Your task:
Without including any images, please transcribe all the lines below exactly.
──────── Data
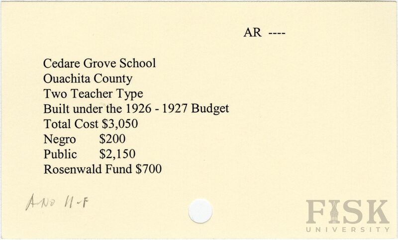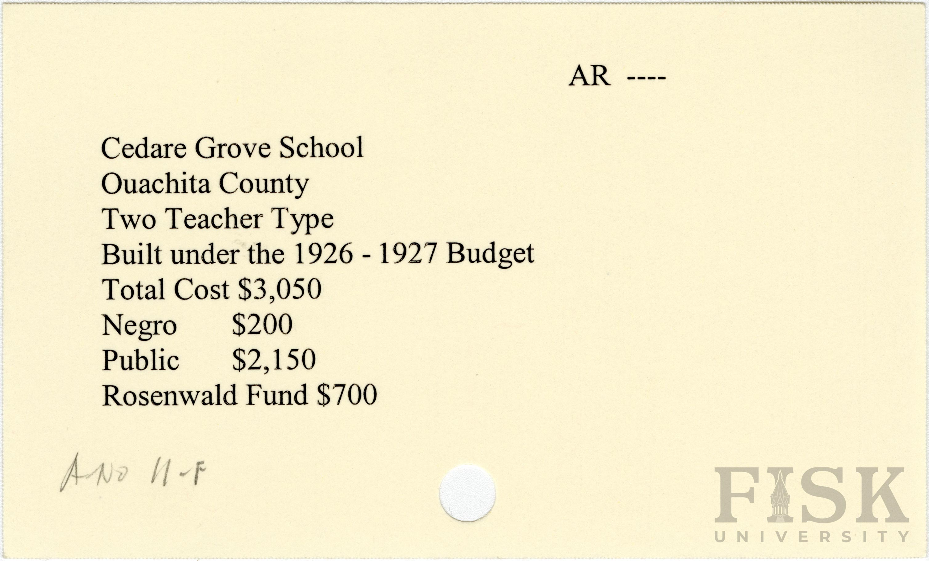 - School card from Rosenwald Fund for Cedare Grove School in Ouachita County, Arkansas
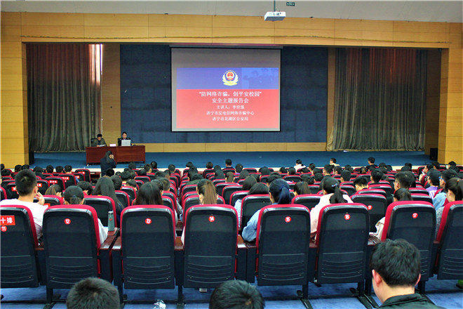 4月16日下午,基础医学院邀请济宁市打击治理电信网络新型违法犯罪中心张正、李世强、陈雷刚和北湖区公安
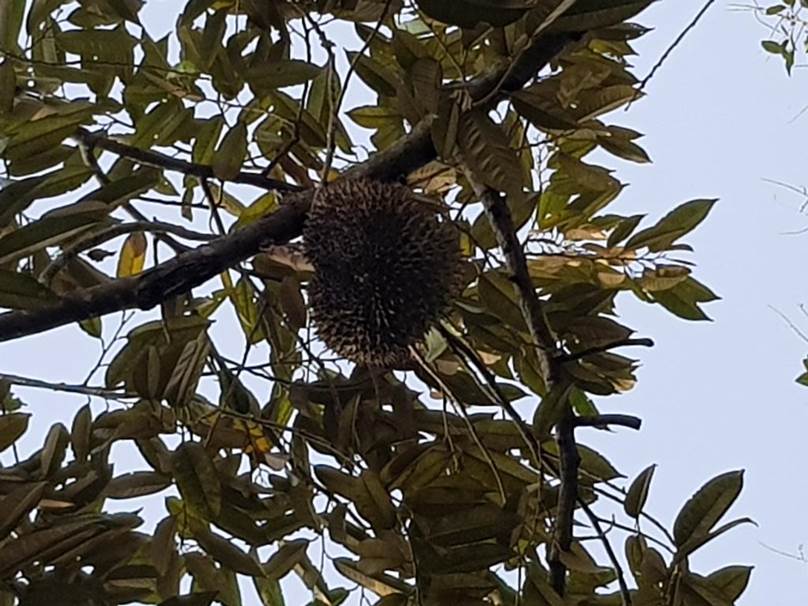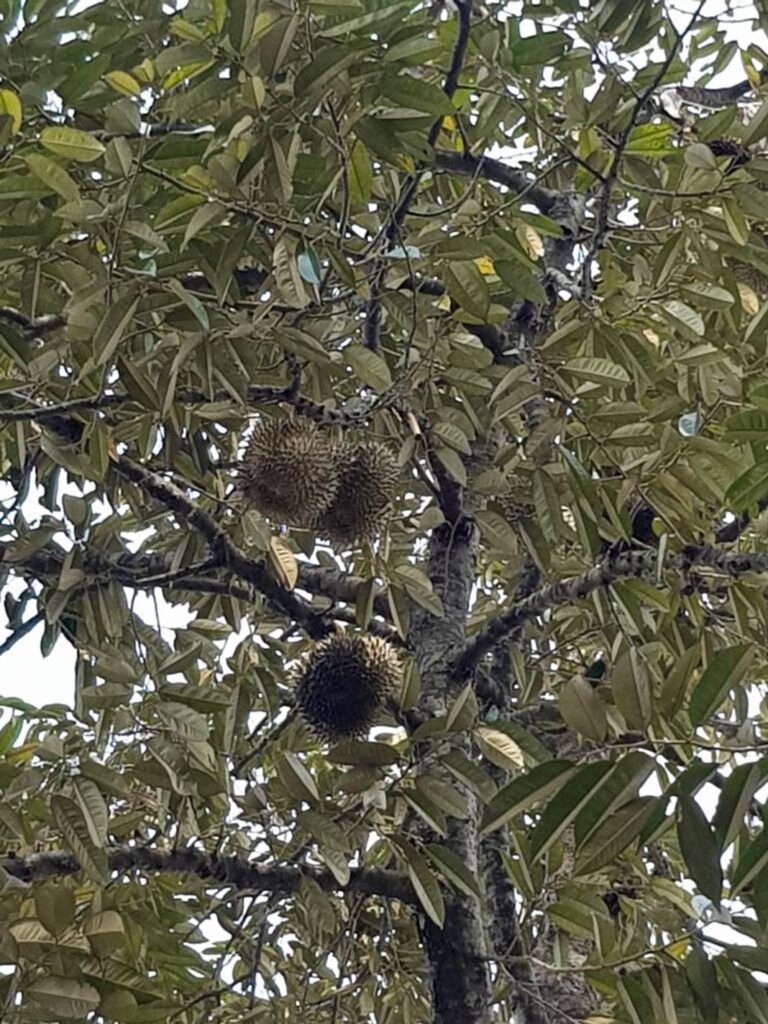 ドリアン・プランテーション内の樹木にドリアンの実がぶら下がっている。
────────────────
Answer area:
 - School card from Rosenwald Fund for Cedare Grove School in Ouachita County, Arkansas
 4月16日下午,基础医学院邀请济宁市打击治理电信网络新型违法犯罪中心张正、李世强、陈雷刚和北湖区公安
 ドリアン・プランテーション内の樹木にドリアンの実がぶら下がっている。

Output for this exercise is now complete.